Shurok's Ph.D defense

On May 18th at 10:30, Shurok will be defending her Ph.D thesis entitled AI-Based Attack Response and Programmability of Future Networks at IMT in Palaiseau, Amphi 7.

The thesis committee is composed of:

• Samiha Ayed (Professor at IMT Atlantique, reviewer)
• Leïla Merghem-Boulahia (Professor at Université de Technologie de Troyes, reviewer)
• Francesco Bronzino (Assoc. Professor, HDR at ENS Lyon, examiner)
• Pierre Parrend (Professor at EPITA, examiner)
• Eric Totel (Professor at Télécom SudParis, advisor)
• Gregory Blanc (Assoc. Professor at Télécom SudParis, co-advisor)
• Sébastien Tixeuil (Professor at Sorbonne University, guest)

Joining the project in October 2022, Shurok has produced several articles on the topic of Deep Reinforcement Learning-based attack mitigation in SDN networks, including one journal article, 3 conference articles and one workshop paper.

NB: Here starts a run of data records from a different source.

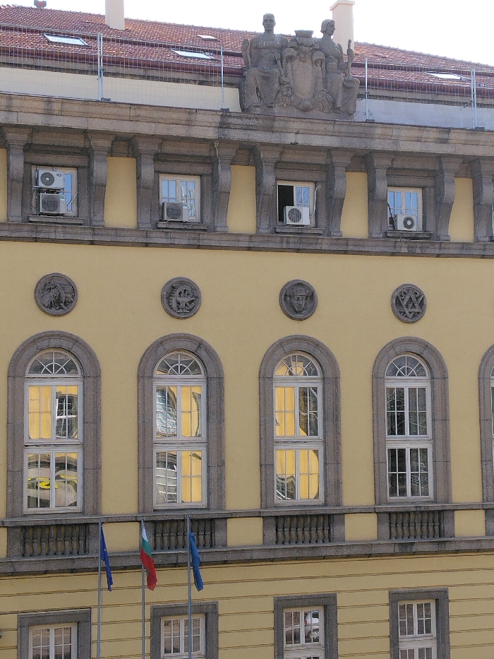 This image depicts a section of the Burgas Municipality building (City Hall) located at pl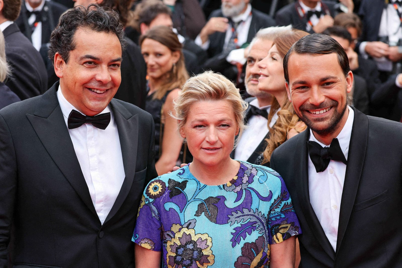 Le journaliste français Patrick Cohen, la journaliste française Anne-Elisabeth Lemoine et le journaliste français Bertrand Chameroy arrivent pour la projection du film "Killers of the Flower Moon" lors de la 76e édition du Festival de Cannes à Cannes, dans le sud de la France, le 20 mai 2023. Photo by Shootpix/ABACAPRESS.COM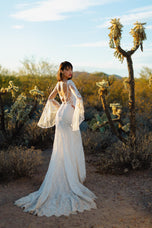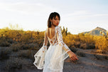 With a sheer butterfly back and ethereal illusion sleeves, Blair is a stunning boho-inspired addition to the Fall 2021 Wilderly bridal collection. Whether you've dreamed of a beach wedding or informal garden ceremony under the stars, this simple yet sweet fitted wedding dress will seamlessly accent your aisle style aesthetic. A plunging neckline and demurely sexy open back with keyhole detailing makes this classic yet modern bridal gown a must-see at your fitting! Please call our Dallas, Texas location to check in-store availability, pricing and current ship dates on this and other classic bridal looks!

Below is the abstract of Shurok’s Ph.D manuscript:

The rise of 5G-enabled IoT delivers unprecedented speed, bandwidth, and low latency—but also expands the surface exposed to exploitation, as numerous resource-constrained and weakly secured devices introduce new entry points for attackers, increasing the risk of DDoS attacks. Static, rule-based defenses falter in dynamic environments and add latency, which is incompatible with today’s networks. This thesis introduces an adaptive framework that combines SDN programmability with Deep Reinforcement Learning—specifically Double Deep Q-Networks (DDQN)—to provide autonomous, QoS-aware mitigation framework of DDoS flooding attacks. Across three complementary approaches, we (i) formulate a remediation pipeline that learns to select countermeasures in response to varied environment’s situations while minimizing collateral impact ; (ii) introduce scalable modeling techniques—including group-based state projection to reduce dimensionality and modular neural architectures with permutation-invariant/equivariant functions—to generalize across network sizes and entry-point placements without retraining. We implement and evaluate the framework in emulated SDN testbeds across extended network topologies and varied operational conditions, exercising common network- and application-layer attacks. Results demonstrate effective mitigation of attacker traffic, improved throughput for benign users, with minimal added latency under load, alongside lower computational overhead and reduced manual intervention by automatically selecting and installing mitigation countermeasures.